Information provided
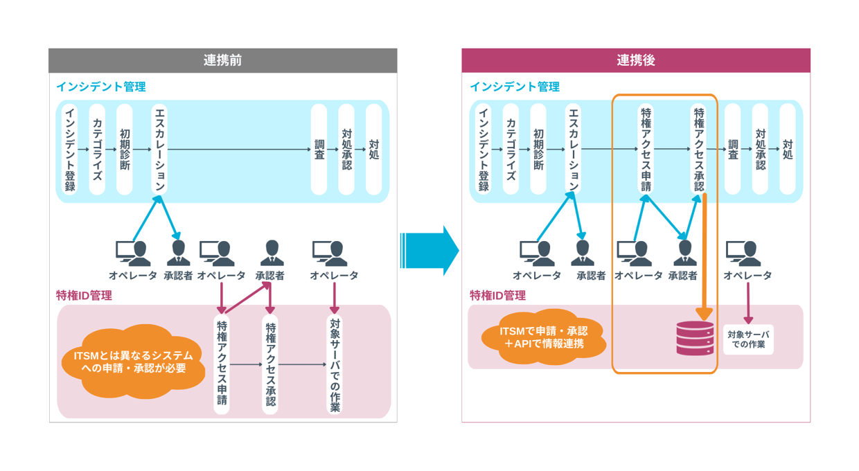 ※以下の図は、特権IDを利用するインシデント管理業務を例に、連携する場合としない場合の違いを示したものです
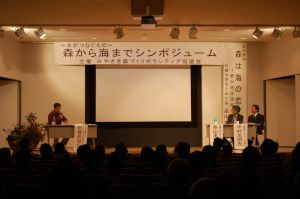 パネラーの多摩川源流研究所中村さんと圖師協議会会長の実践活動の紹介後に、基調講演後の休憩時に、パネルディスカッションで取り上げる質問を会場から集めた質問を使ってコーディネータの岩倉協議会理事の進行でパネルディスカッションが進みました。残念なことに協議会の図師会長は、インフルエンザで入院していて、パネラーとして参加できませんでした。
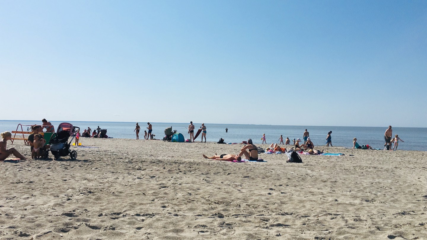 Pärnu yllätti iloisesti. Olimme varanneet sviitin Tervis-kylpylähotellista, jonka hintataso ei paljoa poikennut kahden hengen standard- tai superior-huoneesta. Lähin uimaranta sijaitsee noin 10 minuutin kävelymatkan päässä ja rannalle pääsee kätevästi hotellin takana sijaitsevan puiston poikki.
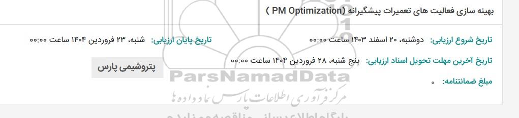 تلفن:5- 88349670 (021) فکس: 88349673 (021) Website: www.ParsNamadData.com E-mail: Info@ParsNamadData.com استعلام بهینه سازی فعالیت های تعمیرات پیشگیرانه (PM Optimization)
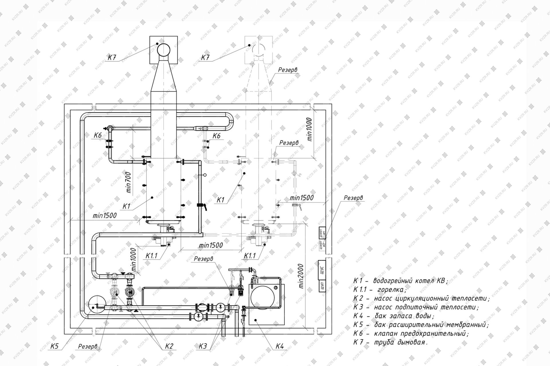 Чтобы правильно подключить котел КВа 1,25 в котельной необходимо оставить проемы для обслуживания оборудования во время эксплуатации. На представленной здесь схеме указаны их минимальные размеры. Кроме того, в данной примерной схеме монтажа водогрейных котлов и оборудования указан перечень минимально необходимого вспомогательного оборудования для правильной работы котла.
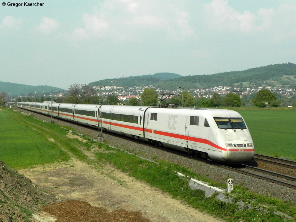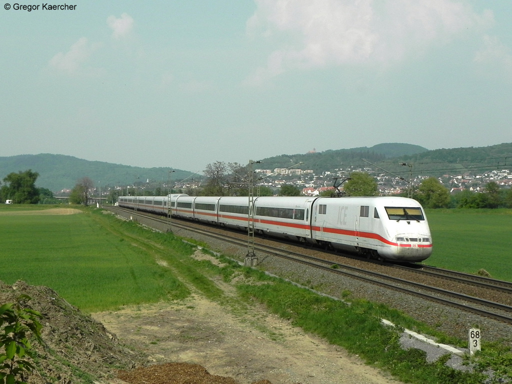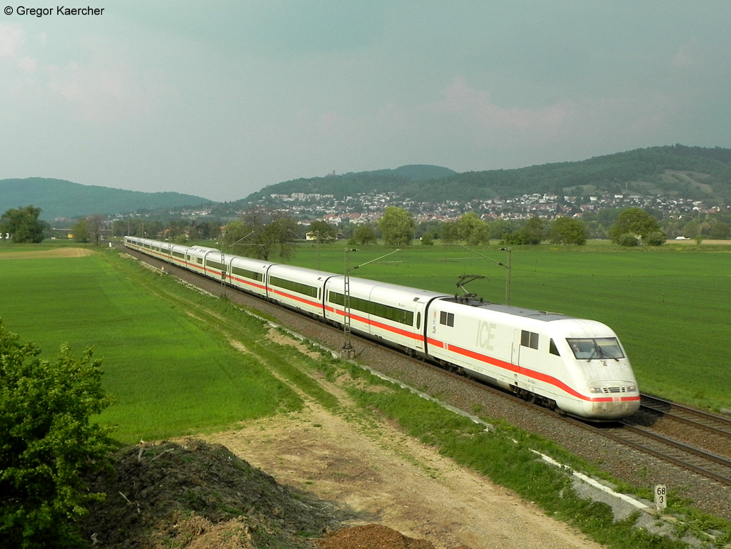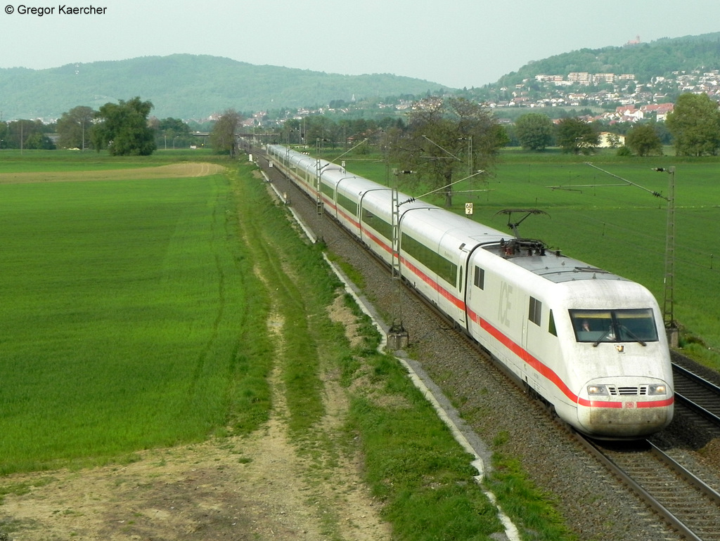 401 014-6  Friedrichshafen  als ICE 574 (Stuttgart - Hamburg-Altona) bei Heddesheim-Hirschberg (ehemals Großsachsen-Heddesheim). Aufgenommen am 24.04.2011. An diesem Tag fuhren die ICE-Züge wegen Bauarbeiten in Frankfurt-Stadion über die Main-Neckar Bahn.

--

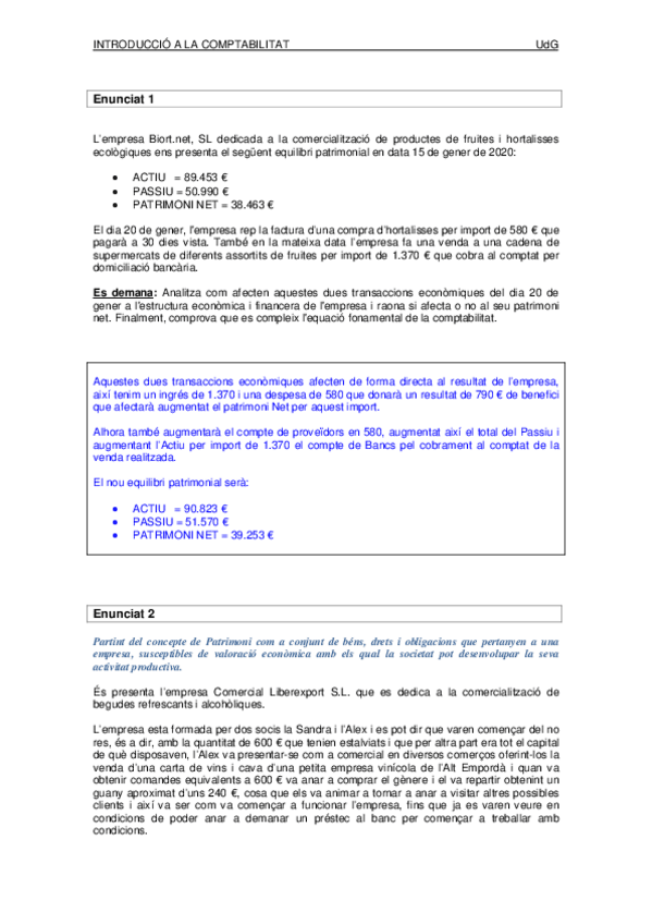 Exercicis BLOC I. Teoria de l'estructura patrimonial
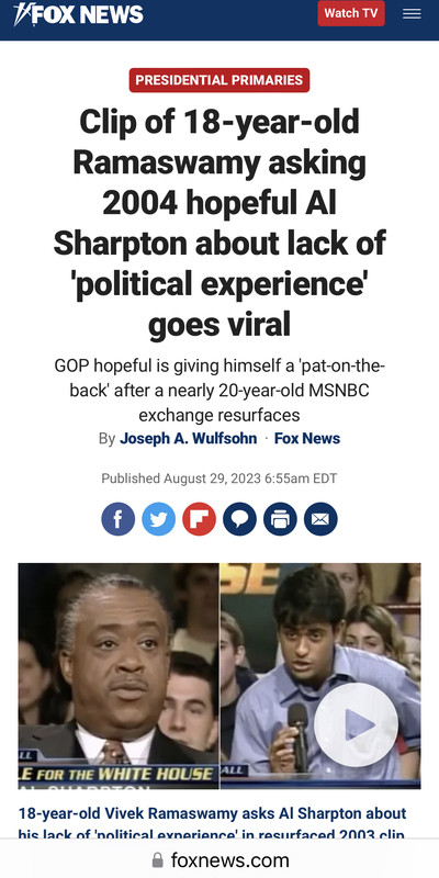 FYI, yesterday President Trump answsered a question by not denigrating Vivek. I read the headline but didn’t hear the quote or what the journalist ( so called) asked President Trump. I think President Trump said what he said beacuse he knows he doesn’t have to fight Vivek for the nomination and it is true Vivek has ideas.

Task requirements
A verbatim reproduction is expected: starting at the line above that has "パネラーの多摩川源流研究所中", ending at the line that has "تلفن:5- 88349670 (021)", both included, and with no pictures and no other lines.

Solution
 パネラーの多摩川源流研究所中村さんと圖師協議会会長の実践活動の紹介後に、基調講演後の休憩時に、パネルディスカッションで取り上げる質問を会場から集めた質問を使ってコーディネータの岩倉協議会理事の進行でパネルディスカッションが進みました。残念なことに協議会の図師会長は、インフルエンザで入院していて、パネラーとして参加できませんでした。
 Pärnu yllätti iloisesti. Olimme varanneet sviitin Tervis-kylpylähotellista, jonka hintataso ei paljoa poikennut kahden hengen standard- tai superior-huoneesta. Lähin uimaranta sijaitsee noin 10 minuutin kävelymatkan päässä ja rannalle pääsee kätevästi hotellin takana sijaitsevan puiston poikki.
 تلفن:5- 88349670 (021) فکس: 88349673 (021) Website: www.ParsNamadData.com E-mail: Info@ParsNamadData.com استعلام بهینه سازی فعالیت های تعمیرات پیشگیرانه (PM Optimization)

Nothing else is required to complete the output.